The concept of the indexes is quite similar to the alphabetic index at the end of the book. The individual would only need to scan through the index fairly quickly to find the topics they are interested in, find what page to turn to, and go there. This would be a much faster approach than having to read through the entire book just to find the content that you needed. It does depend on the author of the book to create the topic list. Similarly, it is for the database developer to determine what indexes could be useful.
Once the index is created in the database, nothing else needs to occur as the database will automatically update the index when the table data is modified. The database will also make use of the index if it will be more useful than searching row by row. These indexes can be useful not only in SELECT statements with joins on the indexed columns but also in UPDATE and DELETE commands that have filtering criteria.
It is important to note that we do not want to index every single column in the database as creating the indexes can take a long time. There is also a cost to maintaining the index. This does depend on the database but it could occur with every insert, update or delete SQL statement that affects the index. The index has to be synchronized with the table so if there are indexes that are not frequently used, they should ideally be removed. By default, primary keys have indexes created for them as well as columns with the UNIQUE constraint.

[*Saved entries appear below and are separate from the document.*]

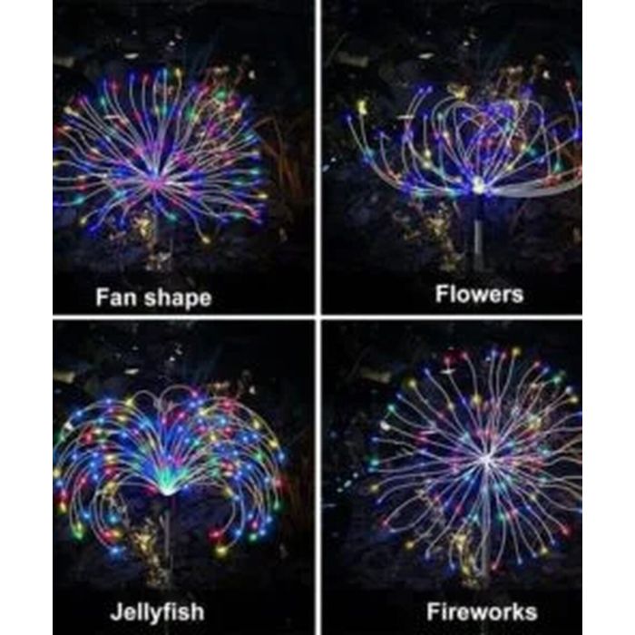 - مصباح الألعاب النارية الشمسي يستخدم أسلاكًا نحاسية مرنة، يمكنك من خلالها تشكيل أشكالك المفضلة بنفسك، مثل الزهور والأشجار والألعاب النارية والقلوب والكرات والعجلات، إلخ.
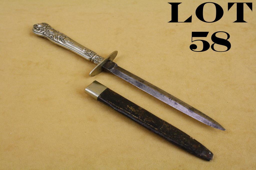 Small cutlery style dagger and leather sheath approx. 9” overall with an approx. 5” blade marked “G. Woodhead, Sheffield Warranted”; the knife is overall good with a couple areas of erosion; the cross guard is a simpleGerman silver oval and the cutlery style grip is tastefully accomplished and in overall good condition; the sheath is in overall fair to good condition showing wear and scuffs with some of the gold bordering stillvisible; metal throat of sheath is present, metal tip is missing. Est.: $200-$400.
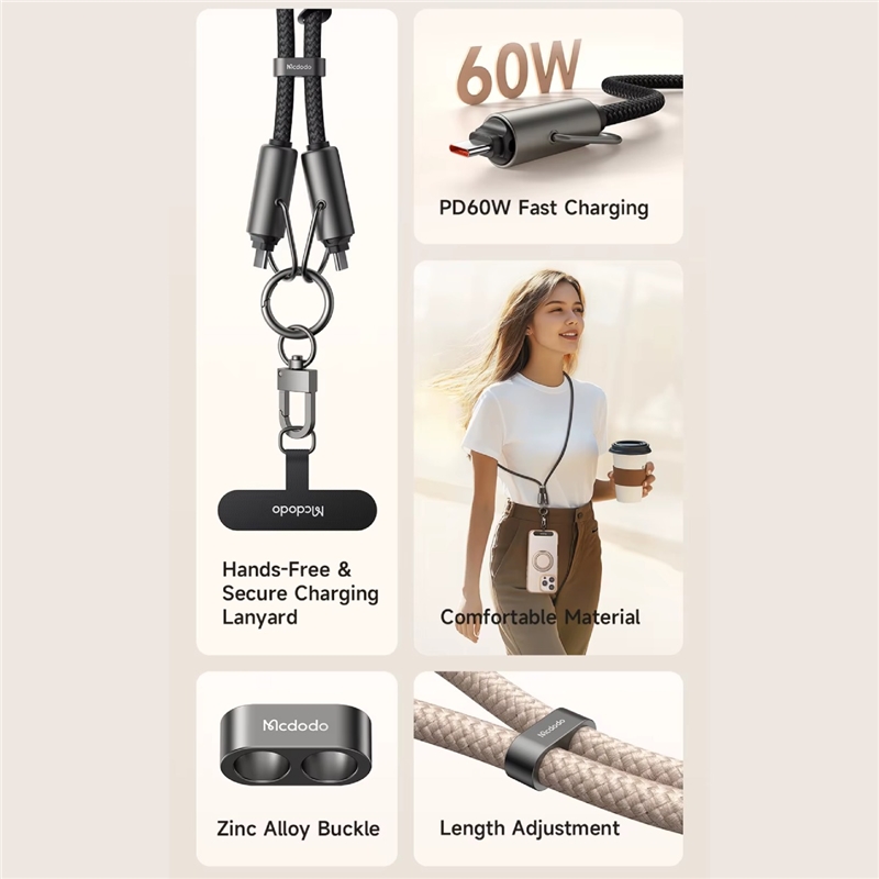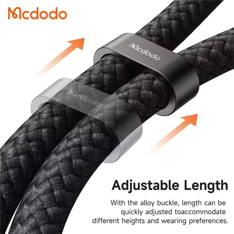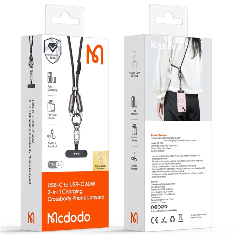 این مدل بند آویز و کابل شارژ، با طراحی مقاوم، قابلیت تنظیم طول و پشتیبانی از شارژ سریع با توان حداکثر 60 وات از طریق پورت  USB-C، در بازار محبوبیت زیادی دارد. از ویژگی های بند آویز موبایل و کابل شارژ 60 وات 1.2 متری USB-c به USB-C مک دودو مدل CA-683 می توان به داشتن گیره های تنظیم بند فلزی محکم اشاره کرد. گیره های فلزی قابل تنظیم این بندآویز و کابل از آلیاژ روی ساخته شده اند که بسیار مقاوم هستند. این مدل کابل شارژ و بندآویز دارای قابلیت تنظیم طول است.
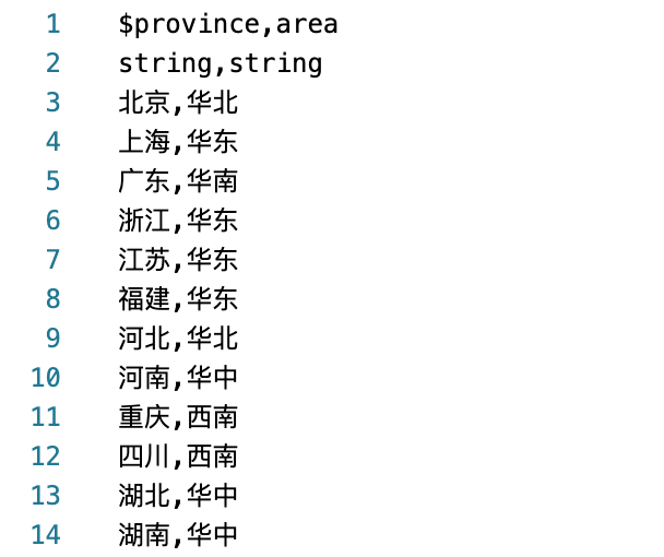 对于维度表本身而言，关联字段还有一个作用，就是用来标识每条记录的唯一性。也就是说，维度表中关联字段的值（也称key值），就是每条记录的唯一ID。示例中 area 维度表中每行数据的 $province 的值（北京、上海等）都是唯一的、不重复的。
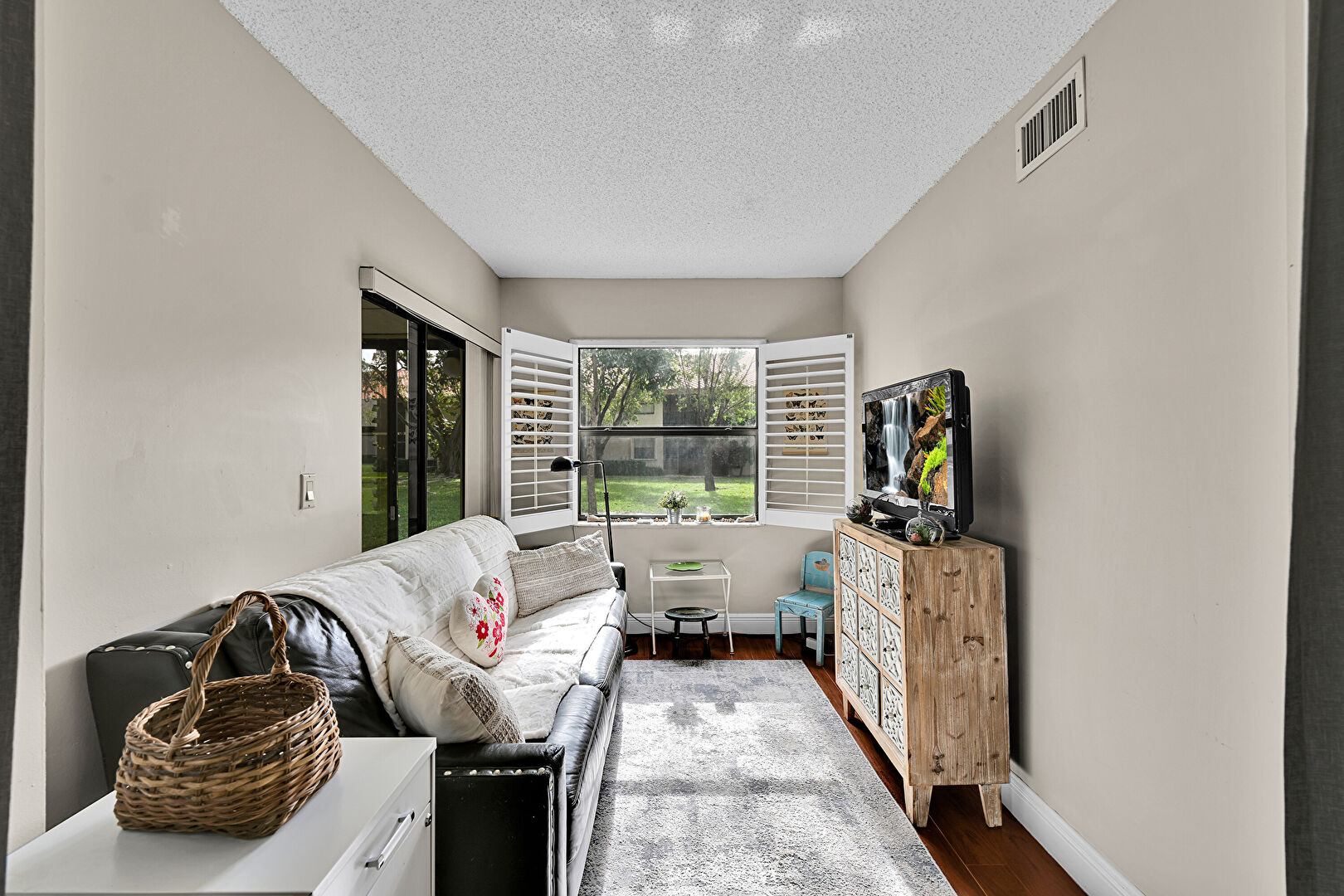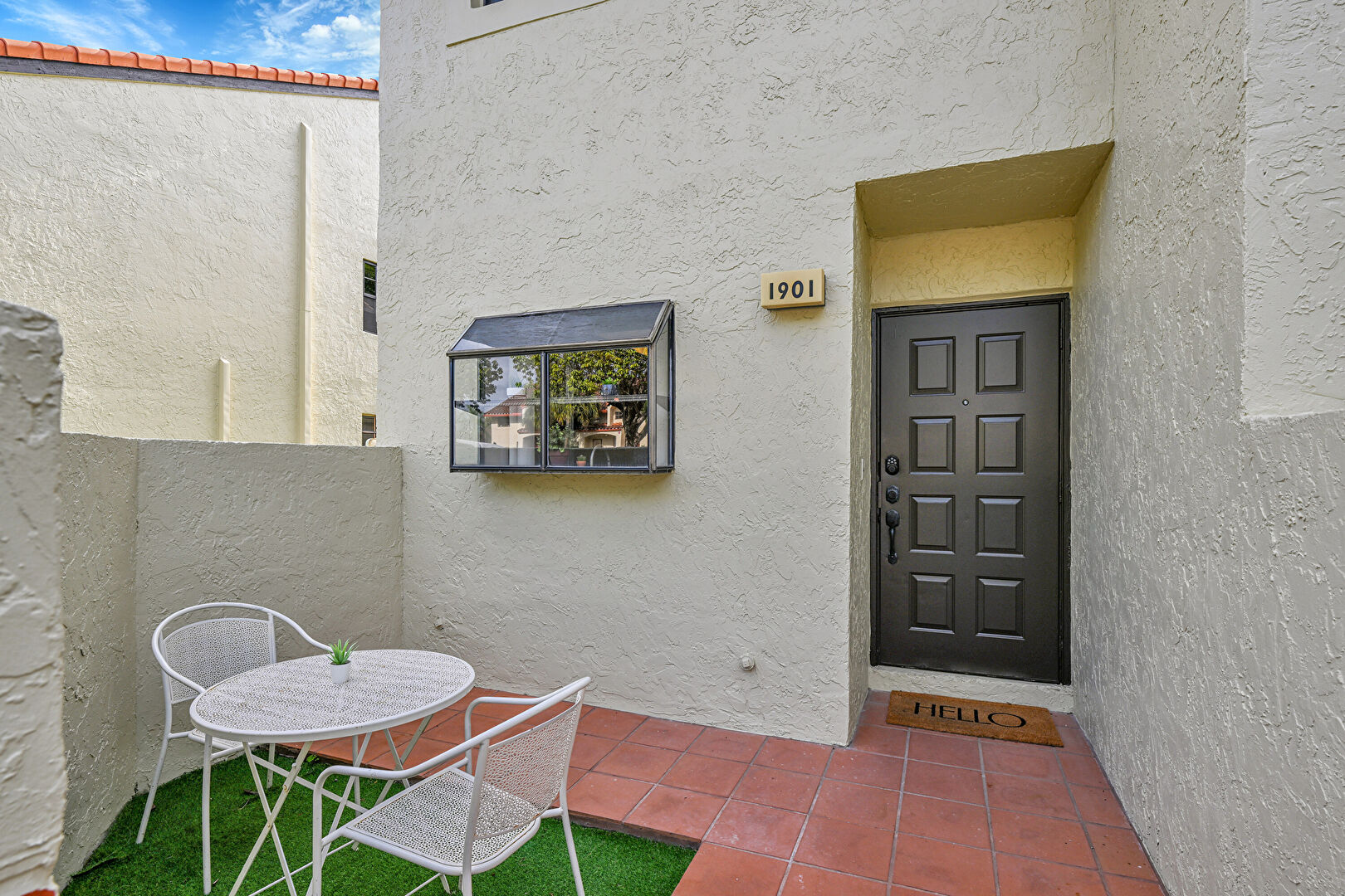 Apartment Complex View, Lawn, Stucco Siding, Sunroom, Tile Roof, Lawn, Tile Roof

2. Data Structures behind Indexes
Most databases will have implement indexes using one of the following data structures:
- Hash index – this type of index is based on an order list of hash values. Typically we will have a hash algorithm that is used to create a hash value from a key column. This value then points to an entry in a hash table which then points to an actual location of the data row. Hash indexes can only handle simple equality operators and in most cases will be the first index to use when we use the = operator.
- B-tree index – this type of index has the data organized in an upside-down tree. The index tree is stored separately from the data itself. The B-tree index self-balance meaning that it will take about the same amount of time to access any row in the index regardless of the size of the index. For example, with one million rows of data, it will take less than 20 searches to find data using a B-tree index compared to one million searches if it were done sequentially. This is the most common type of index in databases and generally is the most useful when we have limited repeating values. B-trees can handle equality and range queries quite well. If the query uses a <, <=, =, >= or > operator, a B-tree index if available could be used.
- Bitmap index – this type of index uses a bit array of zeros and ones. These are useful to represent a value or condition that may be true or false. For example, this could be useful for a check if an individual was signed up for a newsletter. Typically, since the values in the columns that have the bitmap index are one of two values, the operator most commonly used would be the equality operator =.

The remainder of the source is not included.